*Task statement*. Print every line below exactly. Skip the pictures.

*Supplied material*.
==============================
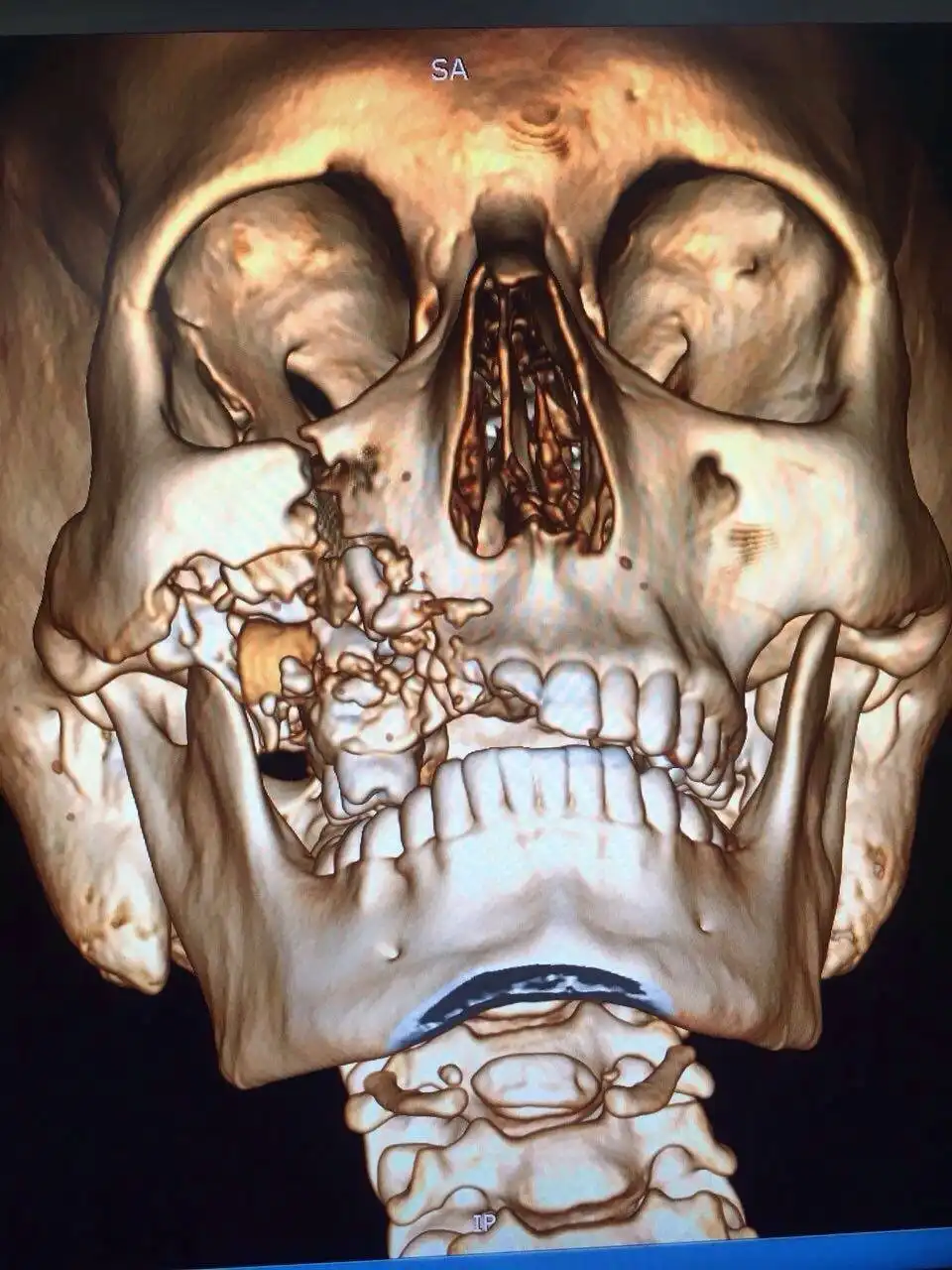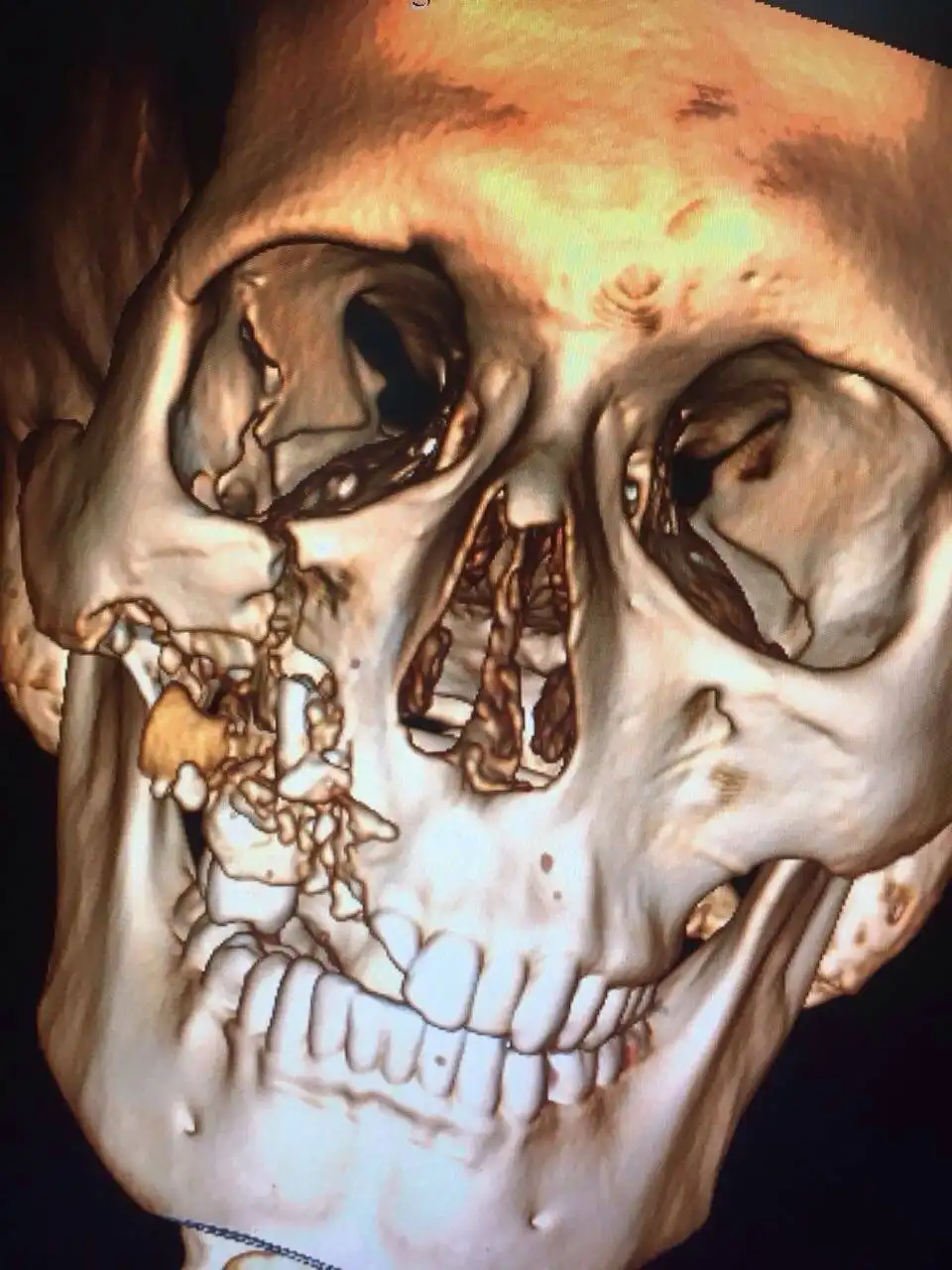Немедленно ребенок был осмотрен врачами-специалистами приемного отделения, проведены все необходимые обследования, включая компьютерную томографию. Подросток в срочном порядке переведен в отделение челюстно-лицевой хирургии. Дежурным челюстно-лицевым хирургом Новиковым Павлом Владимировичем, экстренно, было проведено оперативное вмешательство - первичная хирургическая обработка раны, ревизии и тампонирования правого верхнечелюстного синуса,удаление 1.2. зуба. Назначена комплексная антибактериальная и противовоспалительная терапия. После проведения данной операции, состояние пациента стабилизировалось, местно сохранялся отек и гематома правой половины лица. Была продолжена консервативная терапия и подготовка к плановому этапному реконструктивному хирургическому вмешательству.
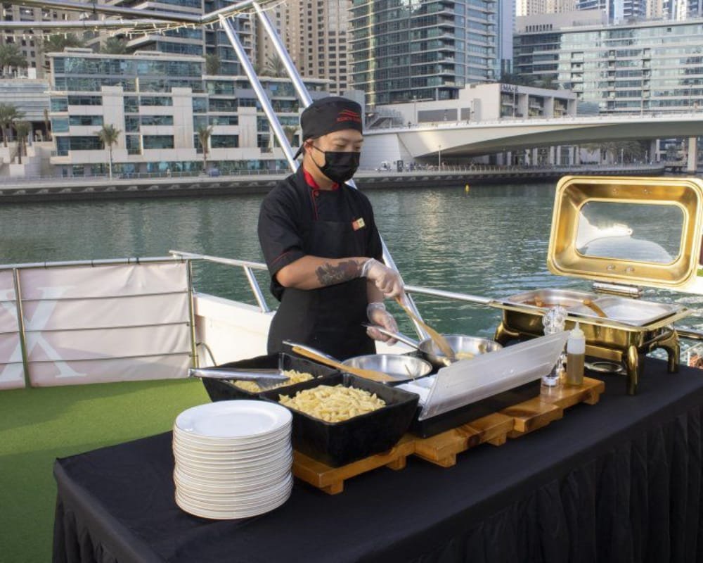 Step aboard a stunning luxury yacht and experience Dubai Marina like never before. Sail through the glittering waterways surrounded by the city’s breathtaking skyline as you indulge in a gourmet dinner freshly prepared by expert chefs. Whether you’re celebrating a special occasion or simply looking to unwind in style, this unforgettable evening combines fine dining, warm hospitality, and panoramic views for the perfect Dubai night out.
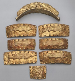 VII в. до н.э. Золото, гематит, янтарь, стеклянная паста; чеканка, пайка, ковка, выколотка, инкрустация. 16,2×32,6 см. Северо-Западный Кавказ, Закубанье, Первый Келермесский курган. Раскопки Д.Г. Шульца в 1903 г. Инв. №Ку 1903 2/1.
==============================
*Answer box*.
Немедленно ребенок был осмотрен врачами-специалистами приемного отделения, проведены все необходимые обследования, включая компьютерную томографию. Подросток в срочном порядке переведен в отделение челюстно-лицевой хирургии. Дежурным челюстно-лицевым хирургом Новиковым Павлом Владимировичем, экстренно, было проведено оперативное вмешательство - первичная хирургическая обработка раны, ревизии и тампонирования правого верхнечелюстного синуса,удаление 1.2. зуба. Назначена комплексная антибактериальная и противовоспалительная терапия. После проведения данной операции, состояние пациента стабилизировалось, местно сохранялся отек и гематома правой половины лица. Была продолжена консервативная терапия и подготовка к плановому этапному реконструктивному хирургическому вмешательству.
 Step aboard a stunning luxury yacht and experience Dubai Marina like never before. Sail through the glittering waterways surrounded by the city’s breathtaking skyline as you indulge in a gourmet dinner freshly prepared by expert chefs. Whether you’re celebrating a special occasion or simply looking to unwind in style, this unforgettable evening combines fine dining, warm hospitality, and panoramic views for the perfect Dubai night out.
 VII в. до н.э. Золото, гематит, янтарь, стеклянная паста; чеканка, пайка, ковка, выколотка, инкрустация. 16,2×32,6 см. Северо-Западный Кавказ, Закубанье, Первый Келермесский курган. Раскопки Д.Г. Шульца в 1903 г. Инв. №Ку 1903 2/1.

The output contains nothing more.